題目:
Given n balloons, indexed from 0 to n-1. Each balloon is painted with a number on it represented by array nums. You are asked to burst all the balloons. If the you burst balloon i you will get nums[left] * nums[i] * nums[right] coins. Here left and right are adjacent indices of i.

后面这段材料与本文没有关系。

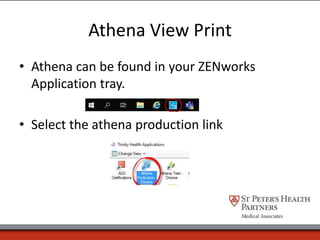 The document provides instructions for using the Athena View Print system to access and view patient medical records. It describes how to log in to Athena, search for a patient, open their chart, navigate within the chart to find different types of clinical information, and print documents. The key steps are to log in to Athena, search for a patient, open their chart which displays recent information, use the left navigation to find specific records, and print documents using the print options at the top of pages.

After the burst, the left and rightthen becomes adjacent.
Find the maximum coins you can collect by bursting the balloons wisely.
Note:
- You may imagine
nums[-1] = nums[n] = 1. They are not real therefore you can not burst them. - 0 ≤
n≤ 500, 0 ≤nums[i]≤ 100
Example:
Input:[3,1,5,8]Output:167 Explanation:nums = [3,1,5,8] --> [3,5,8] --> [3,8] --> [8] --> [] coins = 3*1*5 + 3*5*8 + 1*3*8 + 1*8*1 = 167
代碼:
方法一——遞歸法(超時了):
class Solution {
public:
map<vector<int>, int> m;
int maxCoins(vector<int>& nums) {
if (m.count(nums))return m[nums];
int len = nums.size();
if (len == 0)return 0;
int res = INT_MIN;
for (int i = 0; i < len; i++) {
int temp = nums[i];
int left = i == 0 ? 1 : nums[i - 1];
int right = i == len - 1 ? 1 : nums[i + 1];
int temp_res = left * nums[i] * right;
nums.erase(nums.begin() + i);
temp_res += maxCoins(nums);
res = max(res, temp_res);
nums.insert(nums.begin() + i, temp);
}
m[nums] = res;
return res;
}
};
思路:弄清臨界條件,弄清每一步的操作,弄清是和誰比取max,記憶化搜索。記得vector的操作,insert和erase。
方法二——動態規劃法:
代碼:
class Solution {
public:
int maxCoins(vector<int>& nums) {
int n = nums.size();
nums.insert(nums.begin(), 1);
nums.push_back(1);
vector<vector<int>> dp(n + 2, vector<int>(n + 2, 0));
for (int len = 1; len <= n; ++len) {
for (int i = 1; i <= n - len + 1; ++i) {
int j = i + len - 1;
for (int k = i; k <= j; ++k) {
dp[i][j] = max(dp[i][j], nums[i - 1] * nums[k] * nums[j + 1] + dp[i][k - 1] + dp[k + 1][j]);
}
}
}
return dp[1][n];
}
};
想法:弄清楚遞歸關係,找動態規劃的遞歸關係。